Advanced Job Search
The Find Jobs REST endpoint allows you job history to be searched using powerful Lucene queries.
Job Search Endpoint
The endpoint accepts a HTTP POST request with a JSON payload that contains search information
{
"query": {
"sort": [
{
"field": string
"order": string
}
],
"from": int
"size": int
"track_total_hits": bool
"query": string
}
}
Where:
Field | Description | Default |
---|---|---|
sort | An optional list of fields to sort by. Currently only a single field is supported. | |
sort.field | The field to sort by. Can be any field listed here | "updated" |
sort.order | The sort order; either "ASC" or "DESC" | "DESC" |
from | The starting position for the search when using pagination | 0 |
size | The number of jobs to return | 100 |
track_total_hits | If set the query also returns the total number of jobs that match. | false |
query | The Lucene query |
The payload can be sent to the endpoint as follows:
curl --request POST \
--url https://api.platform.datastreamer.io/api/pipelines/jobs/search \
--header 'Accept: application/json' \
--header 'Content-Type: application/json' \
--header 'apikey: *'
--data '{
"query": {
"sort": [
{
"field": "updated",
"order": "DESC"
}
],
"from": 0,
"size": 100,
"track_total_hits": false,
"query": "label:Periodic-Table-Project-X"
}
}'
Results
The API will return a JSON response containing details of the jobs, such as job IDs, statuses, and timestamps. e.g:-
{
"type": "job",
"organization_id": "xxxxxx",
"pipeline_id": "xxxxxx",
"step_id": "xxxxxx",
"job_id": "574930t5-b7af-4601-bfe4-47d77997fe8d",
"state": "succeeded",
"job_name": "574930t5-b7af-4601-bfe4-47d77997fe8d",
"data_source": "brightdata_youtube_posts",
"job_type": "oneTime",
"priority": "normal",
"label": "Periodic-Table-Project-X",
"preferred_start_time": "2024-12-13T12:50:26.496878Z",
"query_from": "2024-12-01T00:00:00Z",
"query_to": "2024-12-12T00:00:00Z",
"query": {
"search_type": "keywords",
"keywords": [
"Periodic Table"
]
},
"work_time_offset": 0,
"start_time_offset": 0,
"max_documents": 100,
"created": "2024-12-13T12:50:07.708852Z",
"updated": "2024-12-13T12:50:26.665749Z",
"schedule_time": "2024-12-13T12:50:26.665749Z",
"document_count": 99
}
Work Item Search Endpoint
For each Job, multiple Work Items can be automatically created to manage the data retrieval from Jobs within dynamic pipelines. The Work Items endpoint accepts a HTTP POST request with a JSON payload that contains search information using the same model as the Job endpoint.
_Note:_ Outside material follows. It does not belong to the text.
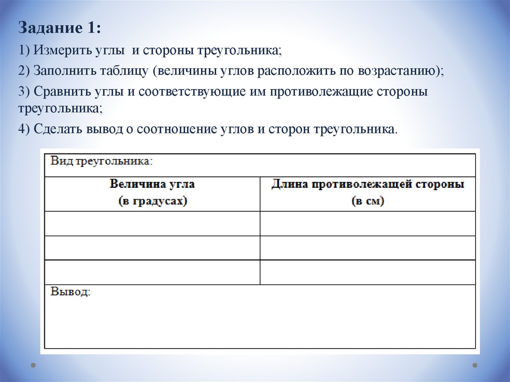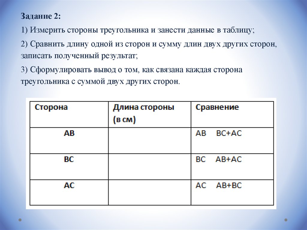 Задание 2:1) Измерить стороны треугольника и занести данные в таблицу;
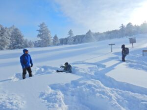 皆様思い思いのルートを進み、一人は雪に埋まり、一人を駆け下り、一人は雪まみれになって滑り落ちるなど各自楽しんでおり、笑いの絶えない時間となりました!

The payload can be sent to the endpoint as follows:
curl --request POST \
--url https://api.platform.datastreamer.io/api/pipelines/work-items/search \
--header 'Accept: application/json' \
--header 'Content-Type: application/json' \
--header 'apikey: *'
--data '{
"query": {
"sort": [
{
"field": "updated",
"order": "DESC"
}
],
"from": 0,
"size": 100,
"track_total_hits": false,
"query": "job_id:574930t5-b7af-4601-bfe4-47d77997fe8d"
}
}'
Results
The API will return a JSON response containing details of the work items, such as job IDs, statuses, and timestamps. e.g:-
{
"start": 0,
"count": 1,
"records": [
{
"type": "work_item",
"organization_id": "xxxxxx",
"pipeline_id": "xxxxxx",
"step_id": "xxxxxx",
"work_item_id": "5thus54p-3999-4b75-83dc-dc16a24fe166",
"job_id": "574930t5-b7af-4601-bfe4-47d77997fe8d",
"data_source": "brightdata_youtube_posts",
"provider_task_id": null,
"parent_work_item_id": null,
"state": "completed",
"preferred_start_time": "2024-12-13T12:55:41.692496Z",
"document_count": 99,
"max_documents": 100,
"failure_count": 0,
"created": "2024-12-13T12:50:26.665749Z",
"updated": "2024-12-13T12:55:41.692496Z",
"actioned": "2024-12-13T12:55:40.690468Z",
"action_id": "8857dbd9-0c36-4b36-b46e-bd100b1255e7",
"query_from": "2024-12-01T00:00:00Z",
"query_to": "2024-12-12T00:00:00Z",
"query": {
"search_type": "keywords",
"keywords": [
"Periodic Table"
]
},
"label": "Periodic-Table-Project-X"
},
...
]
}
Lucene Search
Lucene queries are described on this page: Apache Lucene - Query Parser Syntax
Keywords such as AND, OR, NOT and TO must be in upper case.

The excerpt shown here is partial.